Your goal — Would you return the data below exactly as it stands, with every picture left out?

Data excerpt —
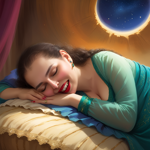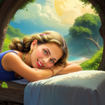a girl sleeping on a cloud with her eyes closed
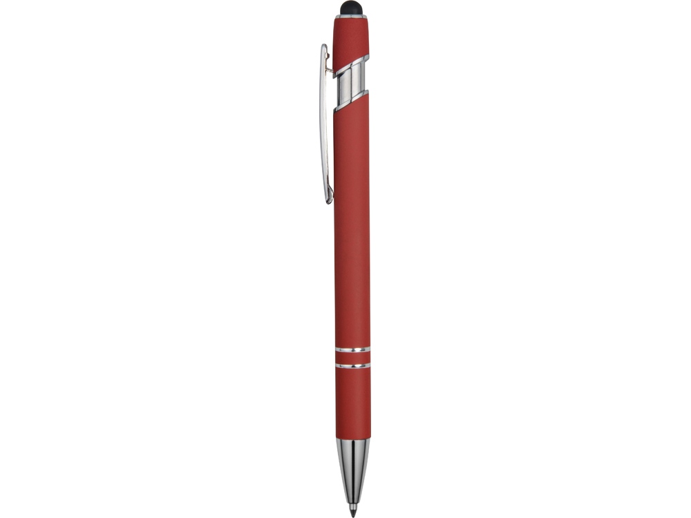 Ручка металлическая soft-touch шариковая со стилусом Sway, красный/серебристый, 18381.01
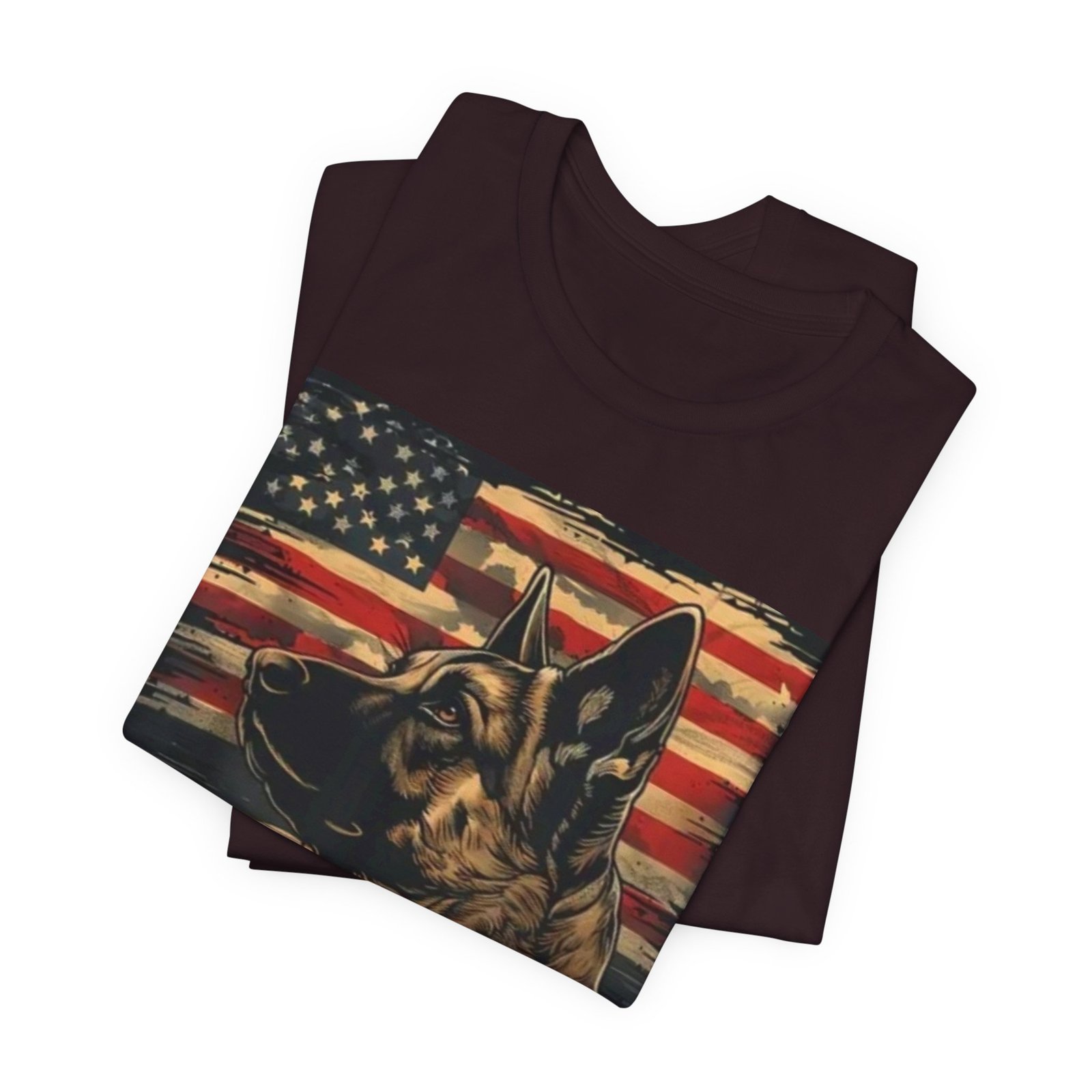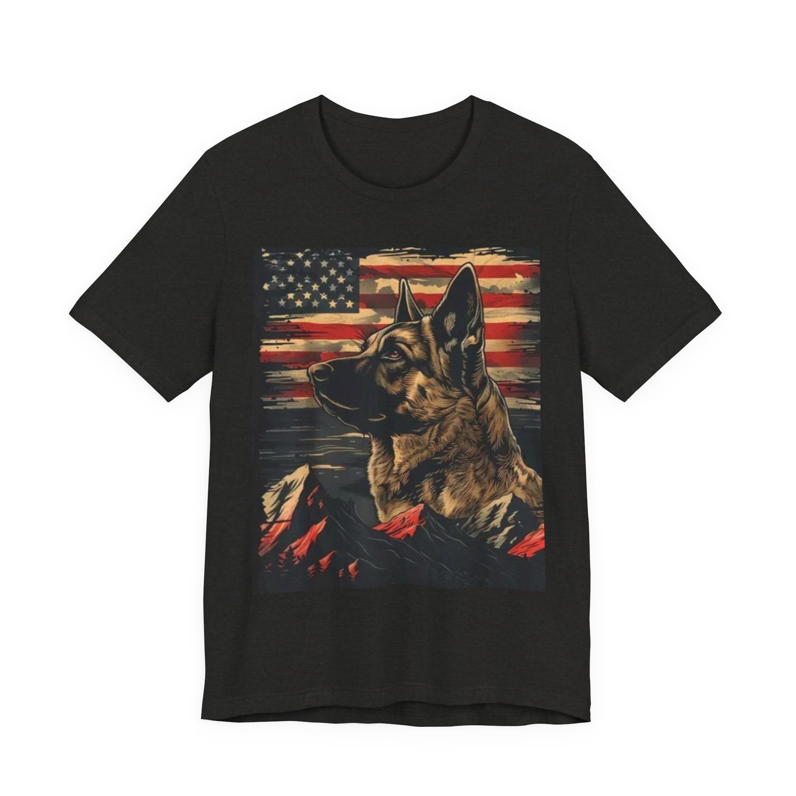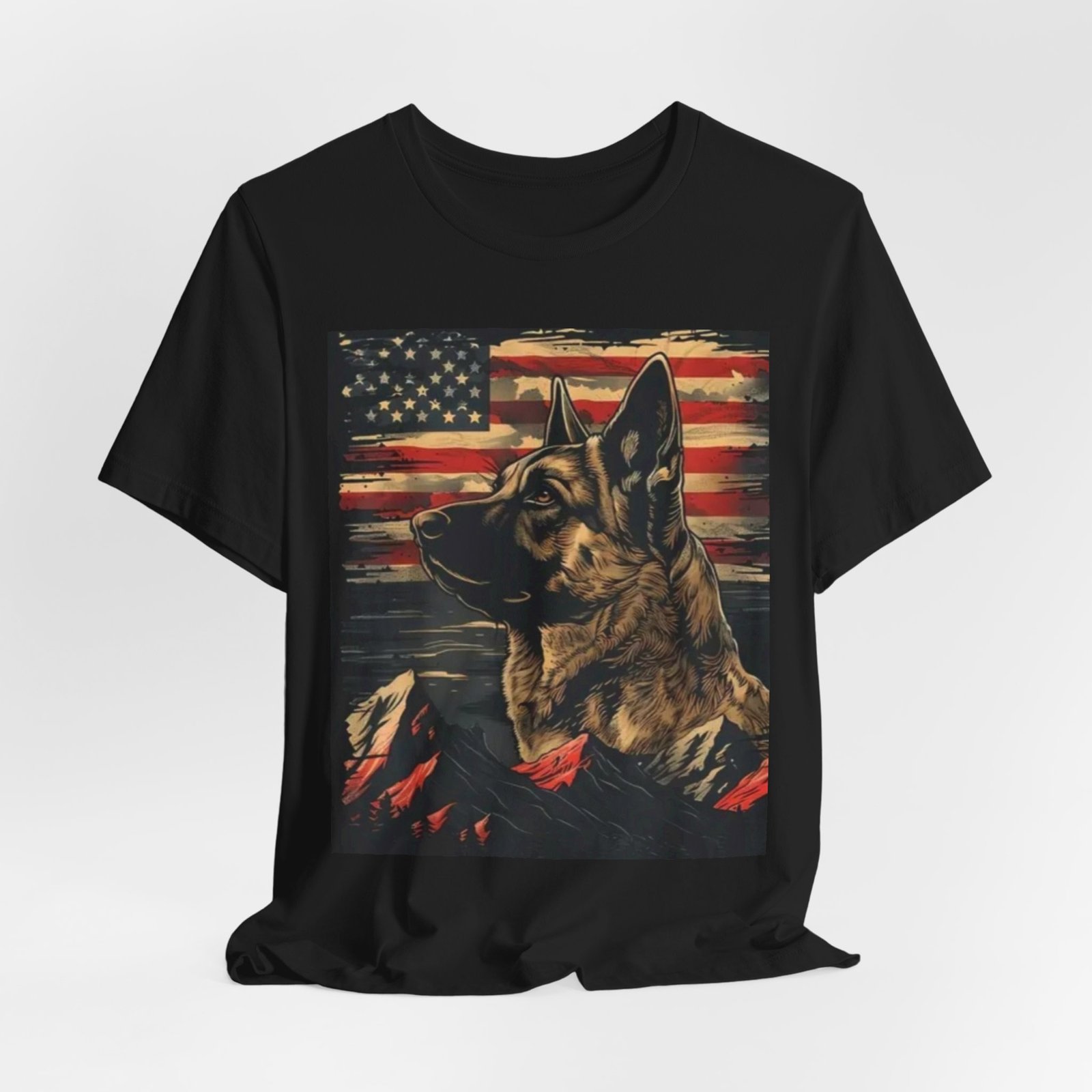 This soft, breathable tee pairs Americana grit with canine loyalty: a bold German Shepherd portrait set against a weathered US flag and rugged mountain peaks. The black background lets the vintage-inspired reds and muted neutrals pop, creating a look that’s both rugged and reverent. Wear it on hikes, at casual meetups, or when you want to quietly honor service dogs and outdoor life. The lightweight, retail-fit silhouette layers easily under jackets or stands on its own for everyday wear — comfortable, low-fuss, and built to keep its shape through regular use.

Output for this exercise —
a girl sleeping on a cloud with her eyes closed
 Ручка металлическая soft-touch шариковая со стилусом Sway, красный/серебристый, 18381.01
 This soft, breathable tee pairs Americana grit with canine loyalty: a bold German Shepherd portrait set against a weathered US flag and rugged mountain peaks. The black background lets the vintage-inspired reds and muted neutrals pop, creating a look that’s both rugged and reverent. Wear it on hikes, at casual meetups, or when you want to quietly honor service dogs and outdoor life. The lightweight, retail-fit silhouette layers easily under jackets or stands on its own for everyday wear — comfortable, low-fuss, and built to keep its shape through regular use.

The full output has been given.